= Quarter-zip movement =

2025 social media-driven fashion trend

The Quarter-zip movement is a social media-driven lifestyle and fashion trend that originated in the United States in late 2025. The movement was created and popularized by Instagram and TikTok personality Jason Gyamfi (known on Instagram as @whois.jason), who publicly declared "I'm a quarter-zip guy now" in November 2025. The statement became the catalyst for a rapidly growing microculture among Black/African American and Middle Eastern youth.

The movement encourages young men to replace traditional "Nike Tech" streetwear with quarter-zip sweaters and adopt a more polished, self-disciplined identity referred to as the Young Gentleman persona. It also promotes lifestyle shifts such as switching from coffee to matcha and reducing fast-food consumption.

== Origins ==
In November 2025, Jason Gyamfi posted a short-form video announcing his transition from "Nike Tech guy" to "quarter-zip guy." The clip went viral on Instagram Reels and TikTok, sparking rapid adoption among teens and young adults who already followed Gyamfi for comedy, fashion, and aspirational content.

The movement's early community spread heavily within Black/African American and Middle Eastern diaspora groups in the United States, many of whom connected with Gyamfi's messaging about personal presentation, self-improvement, and rejecting limiting cultural stereotypes.

== Aesthetic ==
The movement's aesthetic centers on:

- neutral-tone quarter-zip sweaters
- minimalist footwear such as clean sneakers or loafers
- straight-fit or slim-fit pants
- groomed styles and understated accessories

Supporters often post "quarter-zip transformation" videos, highlighting humorous but intentional lifestyle upgrades.

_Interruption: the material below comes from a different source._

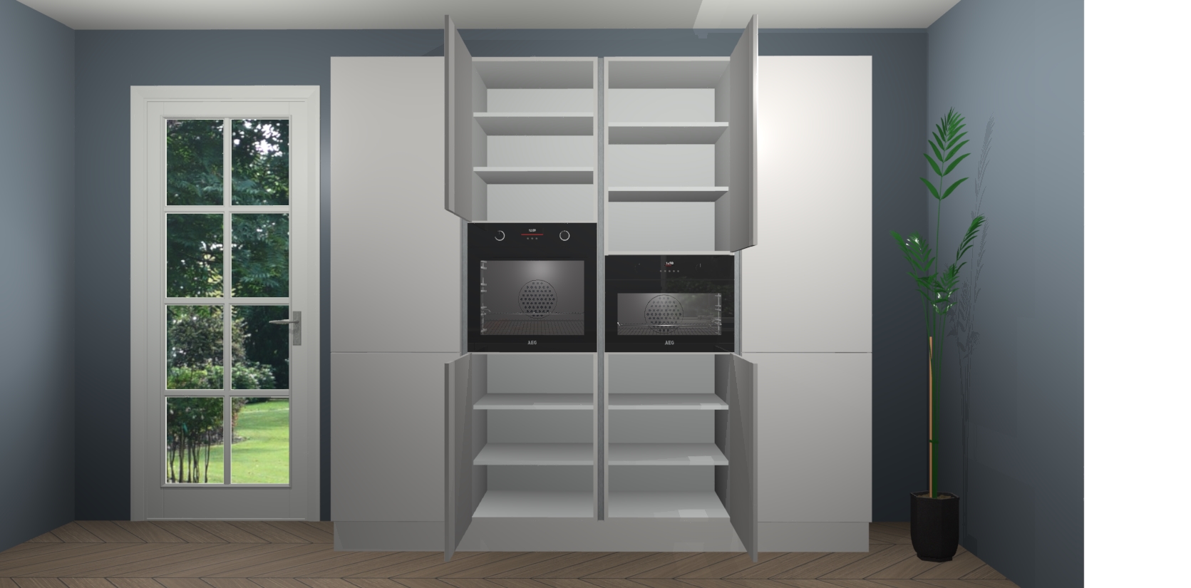 Een stijlvolle en praktische keuken als deze mag gezien worden. Dankzij de prachtige matte afwerking wordt de keuken gemakkelijk het middelpunt van uw huis - hij ziet er geweldig uit onder allerlei lichtomstandigheden, van dag tot nacht!

== Lifestyle principles ==
Followers of the movement emphasize:

- replacing coffee with matcha
- decreasing or eliminating fast-food consumption
- adopting a calm, composed demeanor
- prioritizing education and discipline
- distancing from chaotic or hyper-aggressive behavior patterns

The shift represents a rebranding of the previous “YN” (Young Nigga) identity into the more mature self-image of a Young Gentleman.

== Spread ==
As of November 2025, the Quarter-Zip Movement has spread across Instagram, TikTok, Snapchat, and various school-based online communities. The Quarter Zip Movement accumulated millions of views as users posted comedic reenactments, outfit showcases, and memes tied to the new "gentleman-coded" aesthetic.

== Reception ==

=== Support ===
Supporters view the movement as a positive cultural shift, encouraging:

- healthier habits
- reduced aggression
- improved self-presentation
- academic focus
- humor-driven but meaningful self-development

Many followers praise Gyamfi for offering an alternative model of masculinity.

=== Criticism ===
A few Black/African American internet personalities have criticized the movement for implying that Nike Tech–related fashion should be abandoned rather than embraced as part of modern Black identity. Critics argue that the trend risks shaming individuals who resonate with streetwear culture or cannot afford to adopt new wardrobes.